Мы помолчали минуты три, а потом гадина прошипела:
-Когда будешь идти по пути, помни, что каждый твой шаг — это ответ на все вопросы человечества.
-Я тоже умею говорить загадками. — Внезапно во мне взъярились гормоны, — ты, хотя бы чем -то помог мне. А то говорит могут все, а делать — немногие. Помоги мне хотя бы советом, если не можешь делом.
-Уговорил, — задумавшись, ответил на мою просьбу змей, — моя помощь будет неоценимой. А она такая — убивая, сноси с плеч голову.
А затем змей, как— то устало, пополз за поленницу.
-Пока, -попрощался я с гадом, но в ответ не услышал слов прощания. -И вот так всегда, — развел я руки в рассветную полумглу. — Ни мене— пока, ни тебе— здрасте!

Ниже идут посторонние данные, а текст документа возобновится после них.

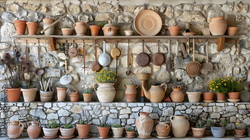Gardening - Set Of Tools For Gardener And Flowerpots In Sunny Garden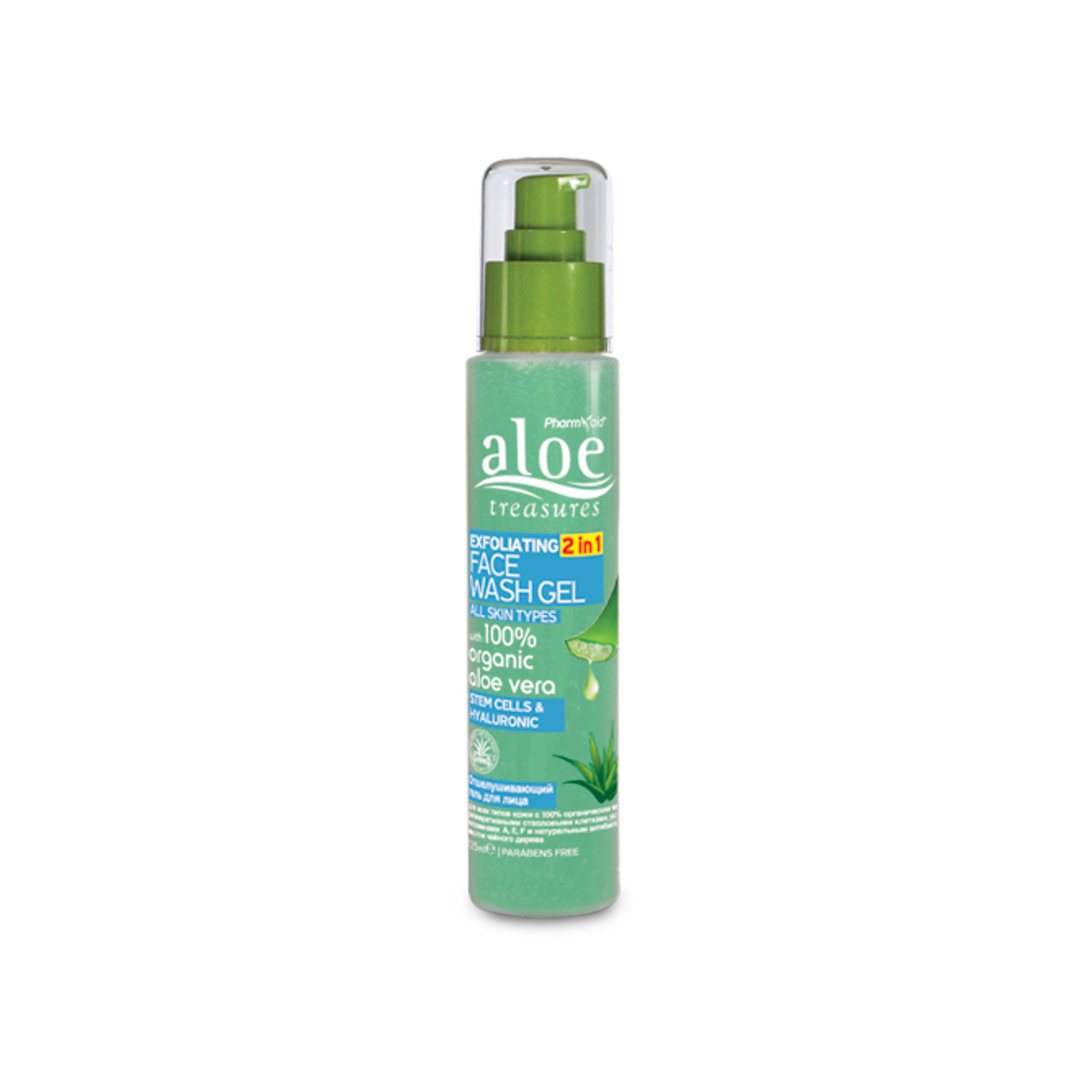 Απαλό ζελέ καθαρισμού & απολέπισης προσώπου 2 σε 1. Mε 100% βιολογική αλόη, αναζωογονητικά φυτικά βλαστοκύτταρα, ενυδατικό υαλουρονικό, βιταμίνες Α, Ε, F και φυσικό αντιβακτηριδιακό έλαιο τεϊόδενδρου. Ειδικά σχεδιασμένη σύνθεση με ήπια καθαριστικά συστατικά και πολύ λεπτούς σφαιρικούς κόκκους από κουκούτσια ελιάς, καθαρίζει βαθιά το δέρμα χωρίς να το ξηραίνει, ενώ ταυτόχρονα απομακρύνει τα επιφανειακά νεκρά κύτταρα. Βελτιώνει την όψη της επιδερμίδας του προσώπου, αφήνοντάς τη λεία, απαλή και αναζωογονημένη.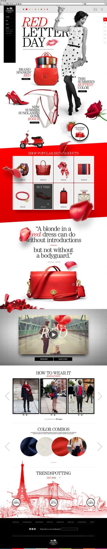 For Red Letter Day, Coach styled their email newsletter according to that particular color scheme, of course. They have showcased some of their products in red on white and grey backgrounds, which really makes them stand out. They’ve also added some rose petals all over the template which makes it look like they’re falling, giving the newsletter a very creative look.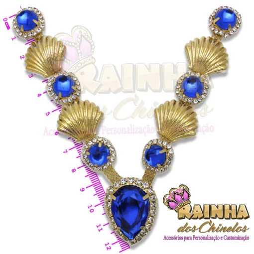 Cabedal em V Conchas Douradas Chaton Azul Royal para Customizar e Personalizar Chinelos, Sandálias e Artesanatos em Geral. Crie modelos lindos, delicados e diferentes!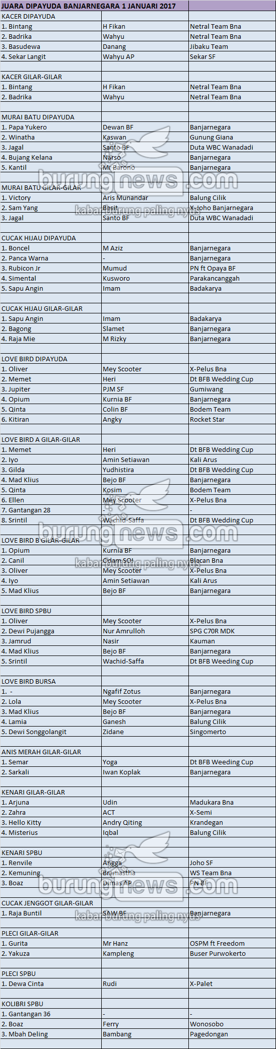 Hasil Lomba Burung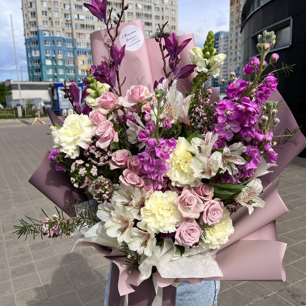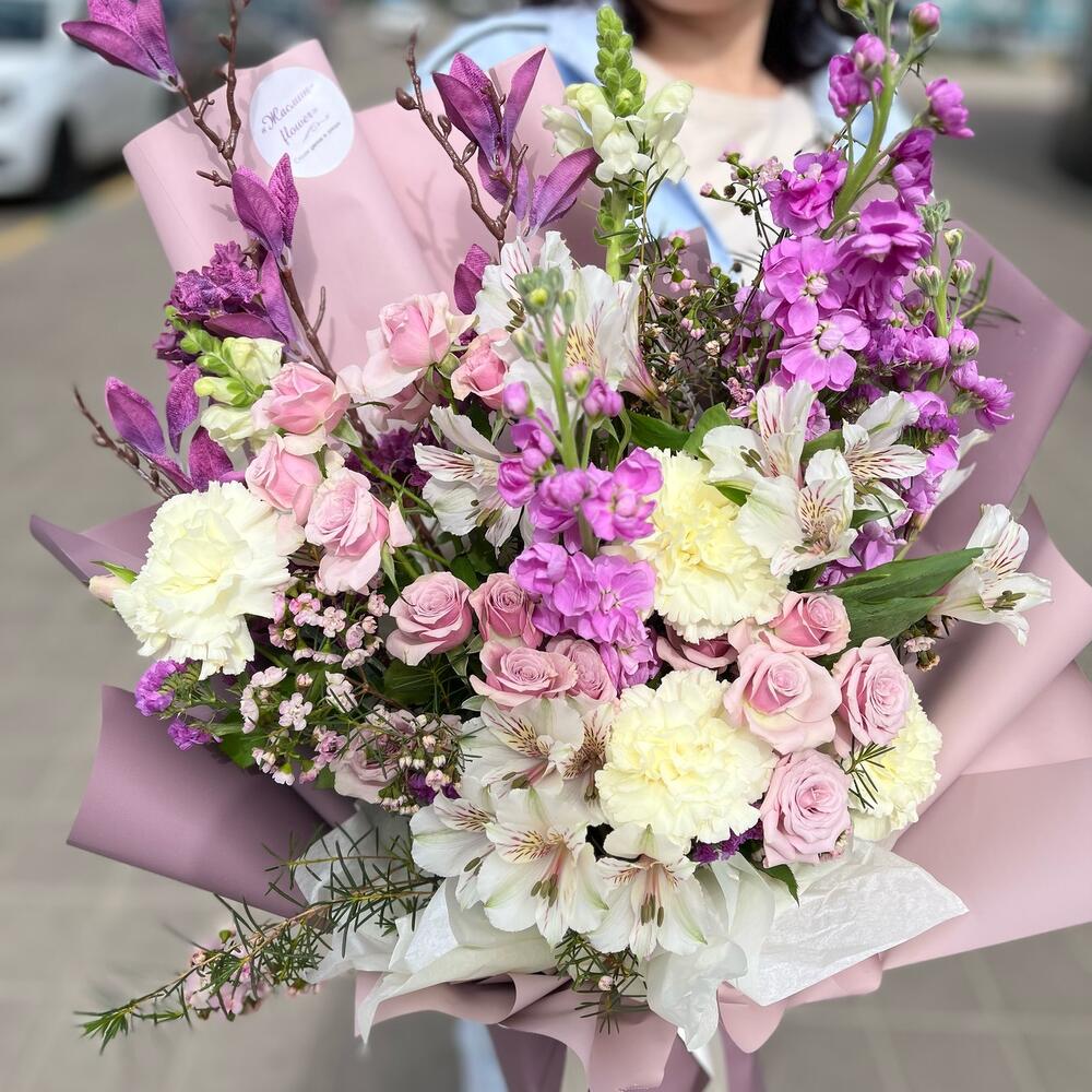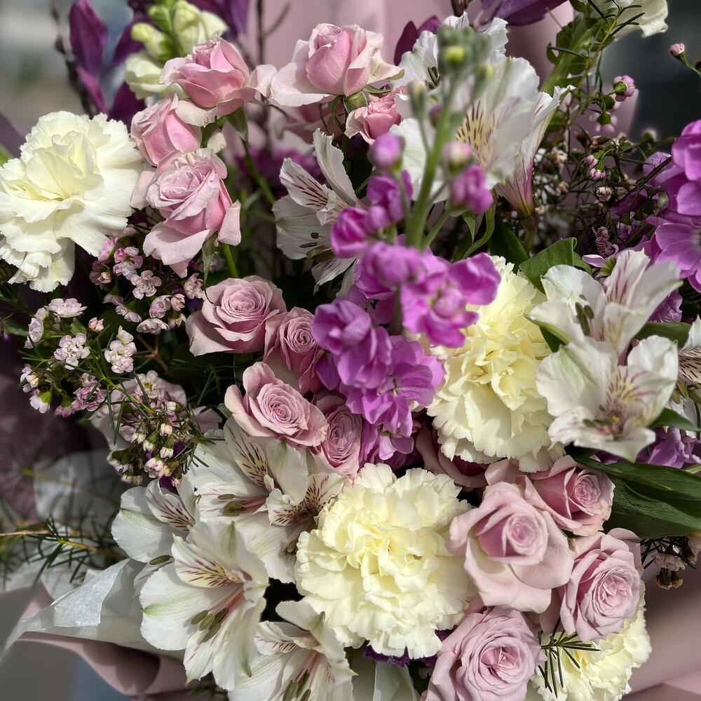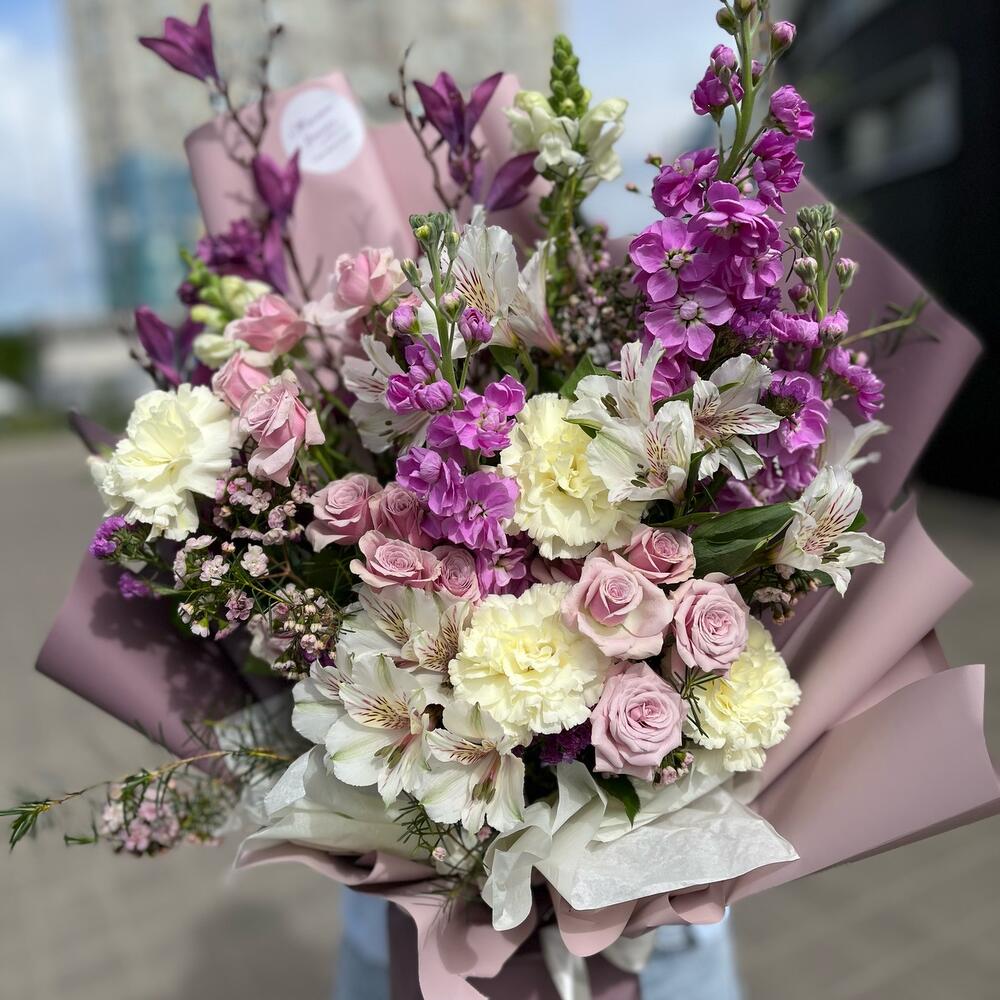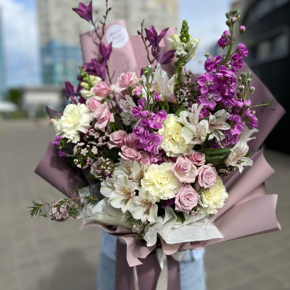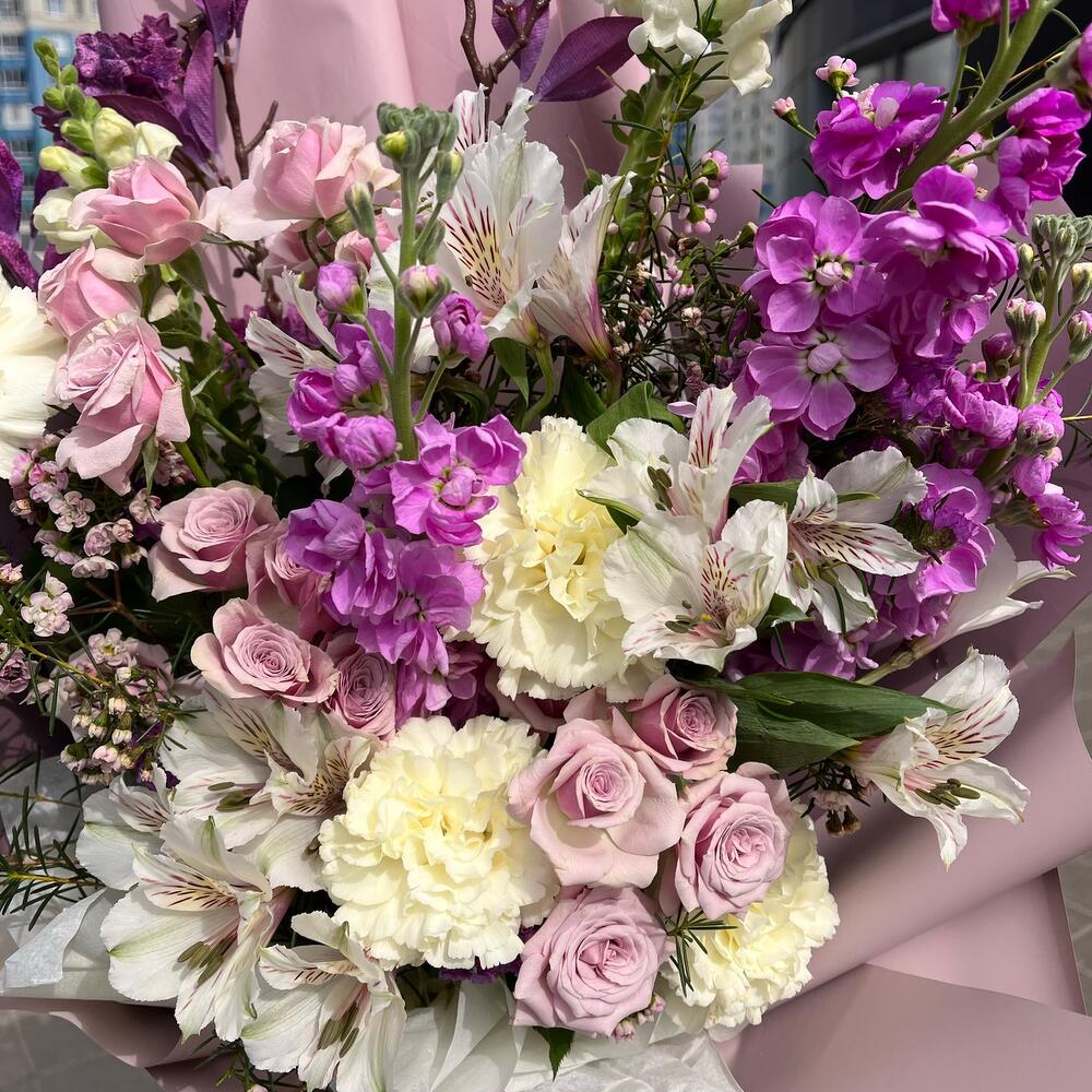 Альстромерия - 4 шт. Маттиола - 5 шт. Роза кустовая - 4 шт. Зелень - 5 шт. Упаковка - 2 шт. Лента атласная - 1 шт. Тишью - 1 шт. Диантус - 5 шт.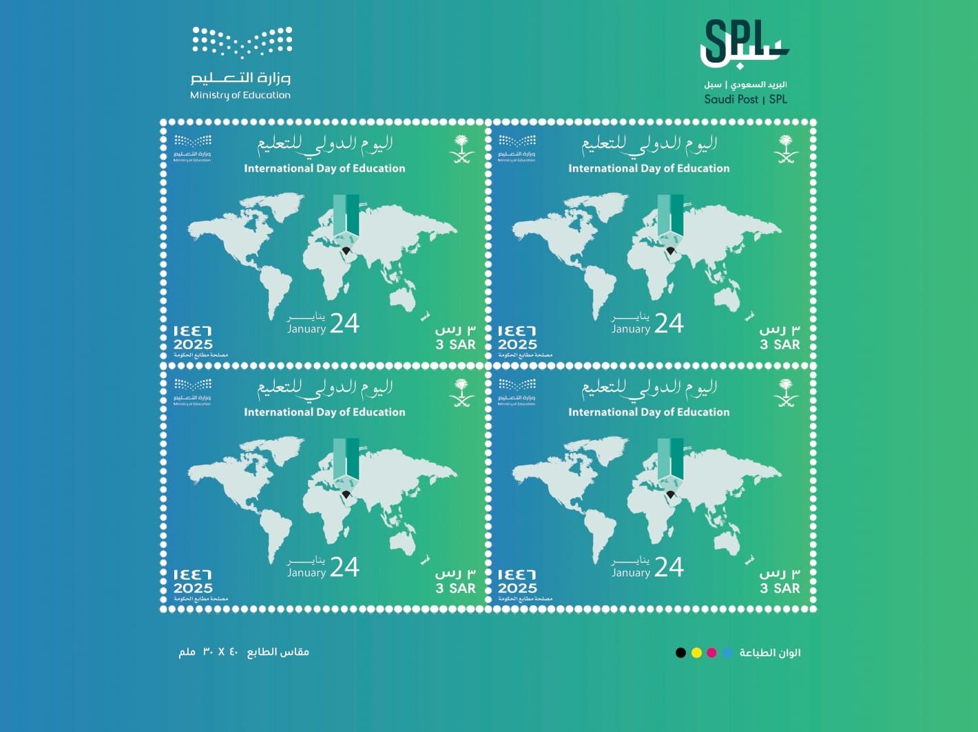 أصدرت مؤسسة البريد السعودي “سبل” بالتعاون مع وزارة التعليم طابعًا تذكاريًا بقيمة (3) ريالات بمناسبة اليوم الدولي للتعليم 2025.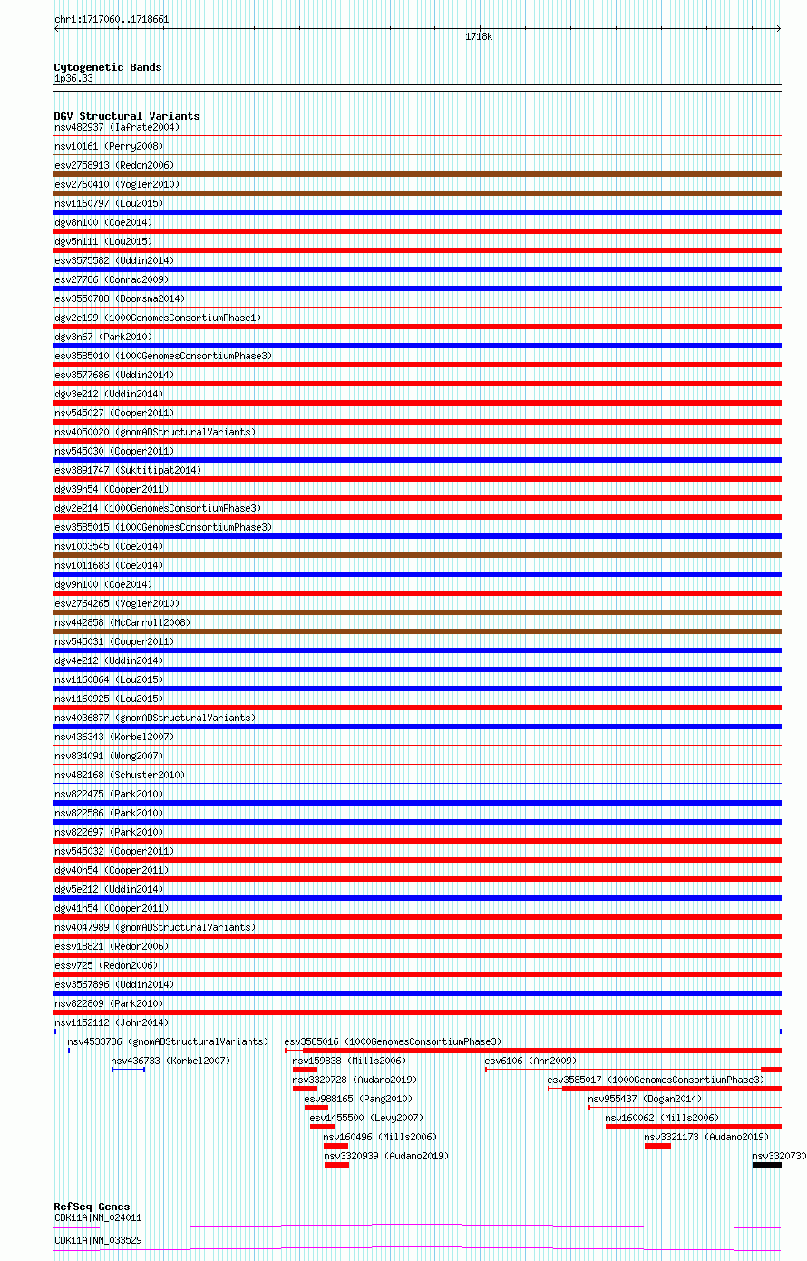 Variant DetailsVariant: nsv1152112| Internal ID | 18853955 | | Landmark | | | Location Information | | | Cytoband | 1p36.33 | | Allele length | | Assembly | Allele length | | hg38 | 1602 | | hg19 | 1602 |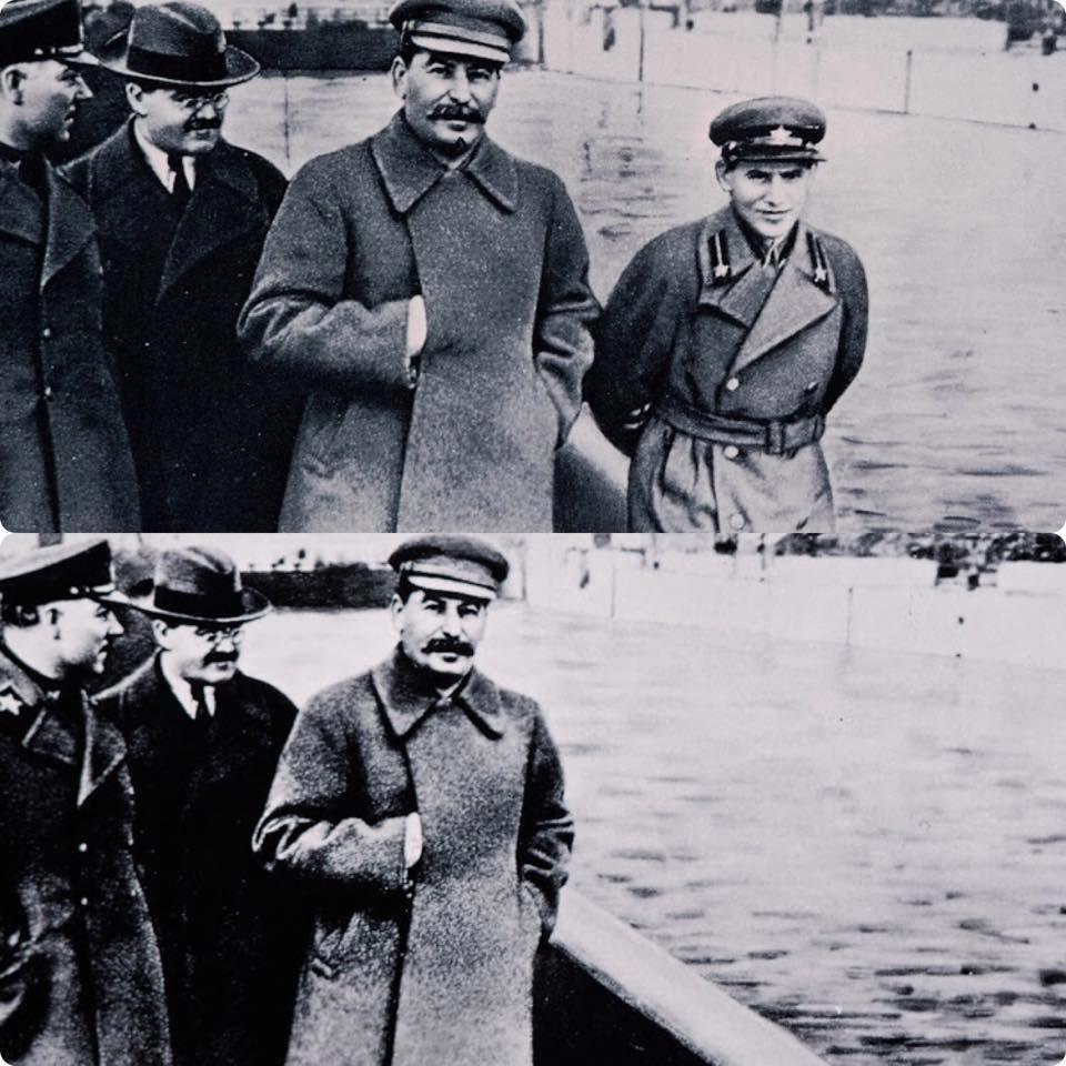 Как пример: фото Сталина с доблестным наркомом Ежовым и... без него (после того как Ежов был объявлен террористом и расстрелян).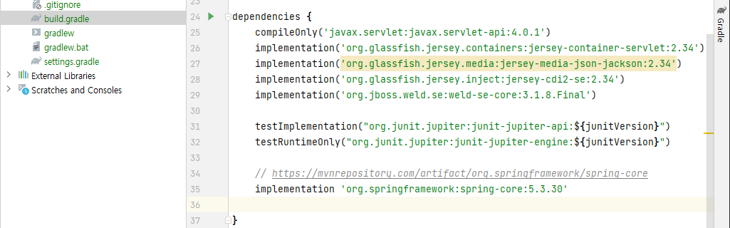 - 마찬가지로 복사 > 빌드 그래들 라이브러리 추가

Ответом была вновь наступившая тишина. Пожав плечами, я пошел по своим делам в кабинет с деревянной дверью с сердечком. (А что, у Михалыча если был такой вот уличный туалет!) И затем побрел досыпать эти несколько рассветных часов.
8.1
Яромир.
Две справки на руках и старый замызганный рюкзак с вещами, были у меня, когда я выходил за ворота клиники. Мир распластался передо мной теплыми весенними деньками, что погожими струйками начали совсем недавно вливаться в мою жизнь. А я, наивный, думал, что у людей тут вечная зима, снег и слякоть. Нет. Погода решила отметить мой выход из клиники драками воробьев у лужи, что была при дорожке в парке, когда я шел в направлении к проходной, что вела на улицу. И вот эта солнечная активность, заставила закинуть меня голову вверх, выставив бледнеющее лицо жарким лучам светила. Словно жаждущая ласки девица, Солнышко прошлось по моему лицу, скользнув будто руками по раскинутым бровям, и ласково пальчиком по твердым сжатым уголкам губ.
-Я так скучал по тебе... — невольно шепнул вслух, а старенький профессор, что шел рядом со мной, невольно прислушался к моему шепоту, и поправив дужку очков сказал:
-Мда`мс, о чем это я. -Он бросил на меня взгляд и продолжил свои наставления. — Никогда не разговаривайте сами с собой, когда идете по улице, иначе "сынок", вас могут принят за ненормального...
В это время рядом торопливо проскользнул по тропинке к зданию института парень, его руки были заняты несколькими пакетами, а он, негромко ругаясь, отчитывал кого-то:
-Нет, дорогая, я уже почти нашел ваш блок. Как найду....
Что он найдет, нам не удалось дослушать, уж больно товарищ торопился...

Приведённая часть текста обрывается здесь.